Bouchareine does not mention it, but there are even more tricks to try. For example, you can specify an argument number for a nonexistant argument in a directive. You can also use attacks against saved data - sometimes formats are used to store data, and by changing the format you can manipulate how the data is read back later. The information can also be used to circumvent stack protection systems such as StackGuard; StackGuard uses constant "canary" values to detect attacks on the stack, but if the stack's contents can be displayed, the current value of the canary will be exposed and used to enable an attack.

Where do you need to look for these problems? The answer is a surprisingly large number of places. In C, the most obvious example is the printf() family of routines (printf(), sprintf(), snprintf(), fprintf(), and so on). Other examples in C include syslog() (which writes system log information) and setproctitle() (which sets the string used to display process identifier information). Many programs and libraries define formatting functions, often by calling built-in routines and doing additional processing. glib's g_snprintf() routine is one example, and I'd suggest looking at functions with names beginning with "err" or "warn", or containing "log" or "printf". In Python, the "%" operation on strings controls formatting in a similar manner. CERT’s Advisory CA-2000-13 (http://www.cert.org) acknowledges the above as vulnerabilities.

In theory, there's a simple solution to this: never use anything other than constants as string formatting parameters. When this problem started getting discussed (circa June-July 2000), many reviewers independently made a disturbing discovery: for a large number of programs this wasn't possible, because the strings were "internationalized". That is, the strings were first sent to a function (such as gettext()) that, depending on the language and other information, would possibly return a different string.

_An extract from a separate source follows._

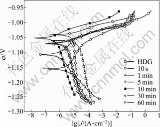 图7 处理不同时间的铈盐转化膜与未经处理的热镀锌层在5% NaCl溶液中的塔菲尔极化曲线

This was no accident. The combination of human language and other cultural issues is usually called a "locale", and speakers of only one human language often do not understand how other languages and cultures differ. For example, for different locales it may be necessary to report data results in a different order, or to separate the values in different ways. A clever approach to resolving this was to support changing the formatting string itself based on the locale - that way, different ordering and separating could be handled easily. However, many of those interested in security began to perceive this as a bit too clever. Might there be a way to tell a program to switch to a locale that would give a user external control over the formatting string?

Yes. And it did not take long for people to find it.

In Unix-like systems, environment variables (such as LANG) are used to determine what locale is selected for local programs. This information is used to compute the directory used to retrieve the format strings used for a given user. Just place a few "/.." strings into the environment variable, and for many internationalization libraries you could quickly specify any file at all. Some libraries even let attackers pick a file without bothering with any tricks at all.

Web applications (e.g., CGI scripts) weren't off the hook either. Internationalized web applications would accept locale specifications (after all, who else would know their locale?), and a clever attacker might be able to exploit this fact.

In all cases, if an attacker could get a program to accept an arbitrary file for the format, he could then exploit all of the format string problems we just discussed. You can see more discussion about this in Bugtraq's vulnerability ID #1634 (http://www.securityfocus.com).

How can you then protect yourself? One simple solution is to permit only legal locale values. This is all part of a normal secure program's job: you need to check all your inputs and only permit legal values. All too often people don't describe _how_ they do this; let me describe it by example.

First, I searched the web and my own computers for documentation on what the legal values were; I especially looked for standards, as well as user or programmer documentation for a library or application using them. I found an IETF standard (RFC 1766), and the GNU info documentation for gettext (a library implementating internationalization) provided references to other standards. I also found that for local programs there exists quite a variance in internationalization libraries; depending on what I was doing and which libraries I was using, I might need to accept and check NLSPATH, LANGUAGE, LANG, LINGUAS, LC_ALL, LC_MESSAGES, LC_COLLATE, LC_CTYPE, LC_MONETARY, LC_NUMERIC, and LC_TIME. I am not sure how exploitable the last five are, but frankly I don't care - I'd rather filter them all to only permit legal values instead of wasting my time trying to figure out if there's an exploit.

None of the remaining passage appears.